WHAT YOU NEED TO DO
What you write must be the listing below in full, word for word, minus its pictures.

PROVIDED MATERIAL
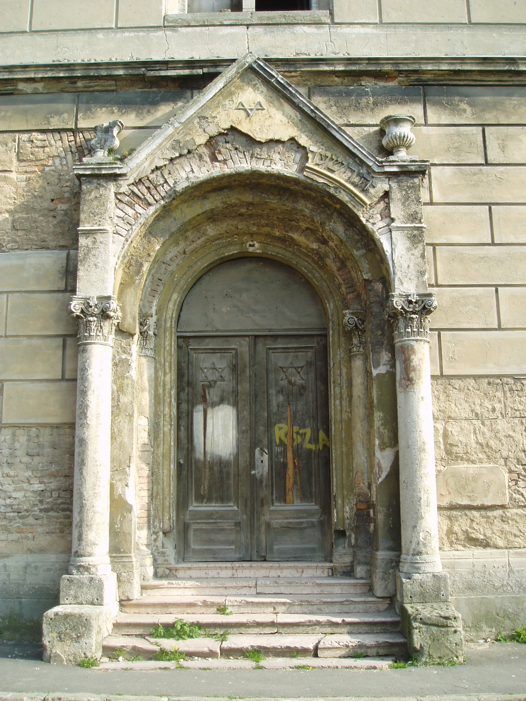 Nyilvános 897 | 1542 | Pápa, Petőfi utca 21. Zsinagóga | A napjainkig eredeti formában fennmaradt zsinagóga építését 1844-ben kezdték el. A 398 m2 alapterületű, közel 20 méter magas épületet Löw Lipót rabbi szentelte fel 1846-ban. A főbejárat a vallási előírásoknak megfelelően a nyugati oldalon található. A zsinagóga puritán külső megjelenését csak a félköríves fülkékbe helyezett romantikus ikerablakok és a klasszicizáló oldalkijárat díszíti. A kétszintes karzatszerkezettel rendelkező, dekoratívan festett belső térben nyolcszáz férfi számára volt ülőhely. Az épület jelenleg (2007) rendkívül elhanyagolt állapotban van, felújításra vár. A fénykép 2007 áprilisában készült. Felh. irod.: Németh Adél - Szabó Lajos: Pápa. Bp. Panoráma, 1989 www.papa.hu |
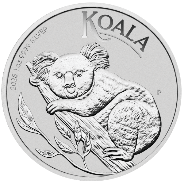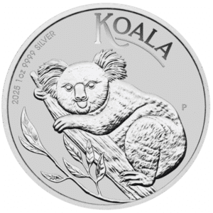 Struck by The Perth Mint from 1 troy ounce of .9999 fine silver, the 2025 Australian Silver Koala continues one of Australia’s most beloved bullion series. The reverse showcases a detailed new design of a koala resting on a eucalyptus branch, surrounded by inscriptions for “KOALA,” “2025,” weight, and purity, along with The Perth Mint’s “P” mintmark.
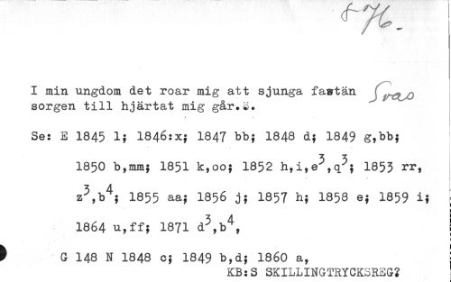 //// I min ungdom det roar mig att sjunga fastän r //// sorgen till hjärtat mig går.a. //// * *? //// i //// Se: E 1845 1} 1846:x; 1847 bb; 1848 d; 1849 g,bb; //// 5 5 //// 1850 b,mm; 1851 k,oo; 1852 1853 rr, //// - / //// 1855 aa; I856 j; 1857 h; 1858 e; 1859 i; ; //// 1864 u,ff; 1871 j //// ^ ji ////

ANSWER
 Nyilvános 897 | 1542 | Pápa, Petőfi utca 21. Zsinagóga | A napjainkig eredeti formában fennmaradt zsinagóga építését 1844-ben kezdték el. A 398 m2 alapterületű, közel 20 méter magas épületet Löw Lipót rabbi szentelte fel 1846-ban. A főbejárat a vallási előírásoknak megfelelően a nyugati oldalon található. A zsinagóga puritán külső megjelenését csak a félköríves fülkékbe helyezett romantikus ikerablakok és a klasszicizáló oldalkijárat díszíti. A kétszintes karzatszerkezettel rendelkező, dekoratívan festett belső térben nyolcszáz férfi számára volt ülőhely. Az épület jelenleg (2007) rendkívül elhanyagolt állapotban van, felújításra vár. A fénykép 2007 áprilisában készült. Felh. irod.: Németh Adél - Szabó Lajos: Pápa. Bp. Panoráma, 1989 www.papa.hu |
 Struck by The Perth Mint from 1 troy ounce of .9999 fine silver, the 2025 Australian Silver Koala continues one of Australia’s most beloved bullion series. The reverse showcases a detailed new design of a koala resting on a eucalyptus branch, surrounded by inscriptions for “KOALA,” “2025,” weight, and purity, along with The Perth Mint’s “P” mintmark.
 //// I min ungdom det roar mig att sjunga fastän r //// sorgen till hjärtat mig går.a. //// * *? //// i //// Se: E 1845 1} 1846:x; 1847 bb; 1848 d; 1849 g,bb; //// 5 5 //// 1850 b,mm; 1851 k,oo; 1852 1853 rr, //// - / //// 1855 aa; I856 j; 1857 h; 1858 e; 1859 i; ; //// 1864 u,ff; 1871 j //// ^ ji ////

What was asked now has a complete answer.